Reiter notes that BK’s recent communications feature local teenage celebrities, suggesting its emphasis towards the younger crowd – students specifically.

“While it captures the younger audience with its purportedly catchy jingle and celebrity influence, it alienates the working adults and older segments, as seen through public comments that the ad campaign is too “ah beng””, adds Reiter.

Can the King regain its influence, or will it merely fall into the shadows?

Josh Grace, managing director, Leo Burnett Group Singapore

I don’t think Burger King really has a brand here. It has a name that is well known and a whole bunch of me-too products that it launches to compete against its competitors. But are they actually thinking about the customer?  I am not convinced.

Their recent TV spot reeks of their marketing strategy just being converted into a rap. Is the ‘strategy rap’ really the best we can do to connect with Gen Y and the millennials in Singapore? Singaporeans are one of the most tech-savvy, globally-connected people with access to the best content from around the world. We have to step it up if we want to connect with them.

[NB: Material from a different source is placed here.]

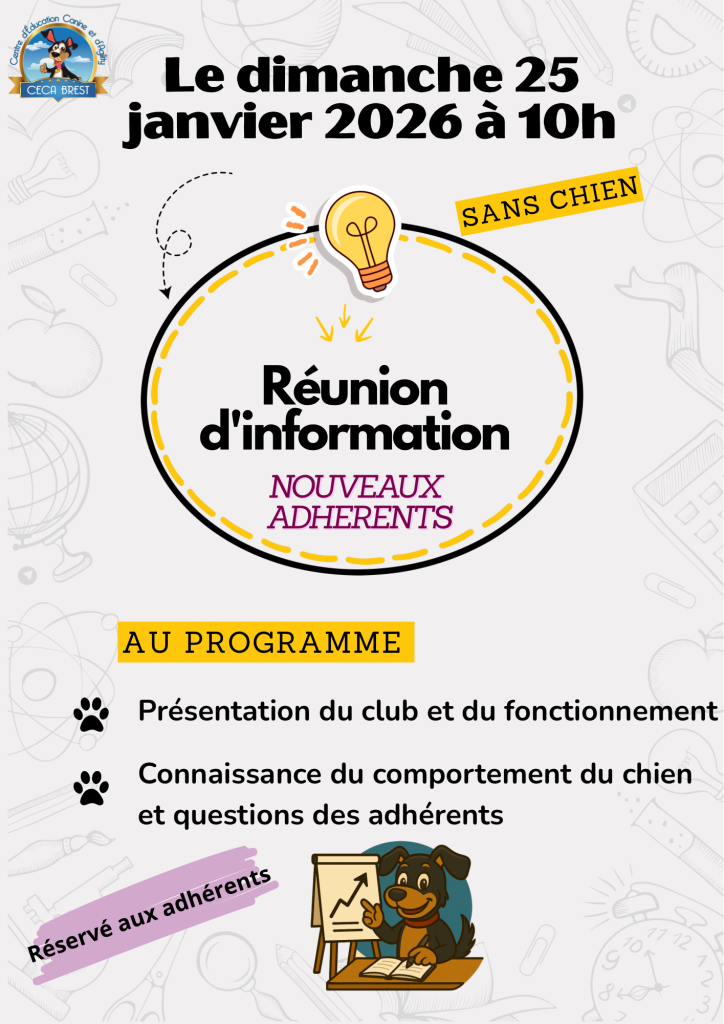 🔹 Une réunion d’accueil pour les nouveaux adhérents (sans chiens) le dimanche 25 janvier à 10h au club

A quick trip to their Facebook page and you will mostly see products being pushed with price points. Sure, everyone loves a great deal, but in this category all these deals blend into obscurity. In fact it seems from the comments that their page is just turning into a complaints hotline. Why would this strategy drive any loyalty over any of Burger Kings competitors?

If Burger King wants a brand, instead of just a well-known name, they have to take a good hard look at themselves. Stop the short-termism – the focus just on price.

Grace’s Guard

–            Find out what role they play in people’s lives. They certainly can’t compete on the personal relationship front, so how are they going to connect more meaningfully with the customers?

–            Create a bigger brand purpose and wrap it with an overarching idea that is truly engaging – use this idea to tie all the limited time only menu items together. Each piece of work then builds Burger King a brand for the long-term.

–            But most importantly, be brave with your creativity. It’s the only real competitive advantage any of us have left.

Sarah Reiter,  President APAC, FutureBrand

BK recedes in the shadows of McDonald’s monolithic eclipse. It simply struggles to meaningfully connect with Singaporeans through the wash of McDonald’s communications. The obvious and incorrect assumption would be that BK needs better communications campaigns and creatives. But this is not true.  This failed BK brand building program (and thus market share) in Singapore lies at the heart of the brand – BK’s soul – the idea BK stands for and its brand positioning. Its failure is further amplified by poor communication channel mix, outdated engagement and a brand experience, which ironically disenfranchises consumers.

In contrast, McDonald’s soul and brand positioning taps into the acknowledged trend among working professionals and young adults in Singapore for “healthy food”. Being more educated and informed, this particular crowd, with a higher purchasing power, often prefers “eating healthy” to taste.

To capture them, McDonald’s, in comparison to BK’s lurching brand positioning, targets hard with a focused idea and offer: has a refreshed menu that caters to a healthier diet, and has built its brand engagement around encouraging a healthier lifestyle.

McDonald’s approach, coupled with its existing high brand equity, makes it is easy to understand why BK has yet to win the battle in becoming the first-choice of fast-food among most Singaporeans.

BK should refocus its strategy and look to what its customers really need or want, recognising if the taste, price, or image is more important, and improve the quality of its offerings across its product, environment and brand experience.

Also, although there is much to improve in terms of product and customer experience, simply improving what is advertised and what is actually offered would deliver immediate results.

Reiter’s Remedy

  • Understand what BK wants to offer to the Asian consumer
  • Improve quality of product offerings
  • Build the product offering and consumer experience around it in contemporary ways and BK could outperform McDonalds.